Intel’s Masked Humanoid Controller: A Novel Approach to Physically Realistic and Directable Human Motion Generation
Researchers from Intel Labshave, in collaboration with academic and industry experts, introduced a breakthrough technique for generating realistic and directional human movements from sparse, multimodal inputs. Their work, highlighted on the European Conference on Computer Vision (ECCV 2024), focuses on overcoming the challenges of generating natural, physically based human behavior in high-dimensional humanoid characters. This research is part of Intel Labs’ broader initiative to advance computer vision and machine learning.
Intel Labs and its partners recently presented six groundbreaking papers at ECCV 2024a leading conference organized by the European Computer Vision Association (ECVA).
The paper Generating physically realistic and directional human movements from multimodal inputs showcased innovations including a new defense strategy for protecting text-to-image models against prompt-based red teaming attacks and the development of a large-scale dataset designed to improve spatial consistency in these models. Among these contributions, the article highlights Intel’s commitment to advancing generative modeling while prioritizing responsible AI practices.
Generating realistic human movements using multimodal input
Intel’s Masked Humanoid Controller (MHC) is a groundbreaking system designed to generate human-like movements in simulated physics environments. Unlike traditional methods that rely heavily on fully detailed motion capture data, the MHC is built to process sparse, incomplete, or partial input data from various sources. These sources can include VR controllers, which may only track hand or head movements; joystick inputs that provide only high-level navigation commands; video tracking, where certain body parts may be closed off; or even abstract instructions derived from text prompts.

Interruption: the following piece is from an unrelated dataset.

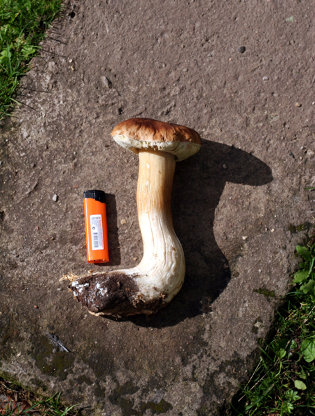 Казалось бы можно подождать, дать подрасти, самый большой около 8 см. в высоту. Но во-первых у него уже в ножке немного червей, а в шляпке маленькая полость с еще не созревшими яйцами, значит завтра его съели бы насквозь, и та же участь ждала бы более мелкие. Во-вторых это место никто еще чудом только не нашел, оно у самой тропы, ведущей за трассу, и у более взрослых грибофф шанса достаться именно мне тупо не будет.
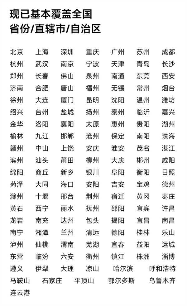 从城市分布看,北京、上海、广州、深圳等核心城市自不必多说,苏州、成都、杭州等新一线城市的网点密度同步提升,甚至像榆林、九江、德州等地级市也覆盖了。

The innovation of the technology lies in its ability to interpret and fill the gaps where data is missing or incomplete. It achieves this through what Intel the Catch, Combine and Complete (CCC) possibilities:
- To overtake: This feature allows the MHC to recover and resynchronize its motion when disruptions occur, such as when the system boots into a failed state, such as a humanoid character that has fallen. The system can quickly correct its movements and resume natural movement without retraining or manual adjustments.
- Combine: MHC can merge different movement sequences, such as merging upper body movements of one action (e.g. waving) with lower body movements of another (e.g. walking). This flexibility makes it possible to generate entirely new behavior based on existing motion data.
- Completely: Given sparse input, such as partial body movement data or vague high-level guidelines, the MHC can intelligently infer and generate the missing parts of the movement. For example, if only arm movements are specified, the MHC can autonomously generate corresponding leg movements to maintain physical balance and realism.
The result is a highly customizable motion generation system that can create smooth, realistic, and physically accurate movements even with incomplete or underspecified guidelines. This makes MHC ideal for applications in gaming, robotics, virtual reality and any scenario where high-quality human movements are needed but input data is limited.
The impact of MHC on generative motion models
The Masked Humanoid Controller (MHC) is part of a broader effort by Intel Labs and its collaborators to responsibly build generative models, including models that power text-to-image and 3D generation tasks. As discussed at ECCV 2024, this approach has significant implications for sectors such as robotics, virtual reality, gaming and simulation, where generating realistic human movements is crucial. By integrating multimodal inputs and allowing the controller to switch seamlessly between movements, the MHC can handle real-world conditions where sensor data may be noisy or incomplete.
This work from Intel Labs sits alongside other cutting-edge research presented at ECCV 2024, such as their new defense for text-to-image models and the development of techniques for improving spatial consistency in image generation. Together, these developments demonstrate Intel’s leadership in computer vision, with a focus on developing secure, scalable and responsible AI technologies.
Conclusion
Developed by Intel Labs and academic collaborators, the Masked Humanoid Controller (MHC) represents a critical step forward in human motion generation. By addressing the complex control problem of generating realistic movements from multimodal inputs, the MHC paves the way for new applications in VR, gaming, robotics and simulation. This research, on display at ECCV 2024, demonstrates Intel’s commitment to advancing responsible AI and generative modeling, contributing to safer and more adaptive technologies across domains.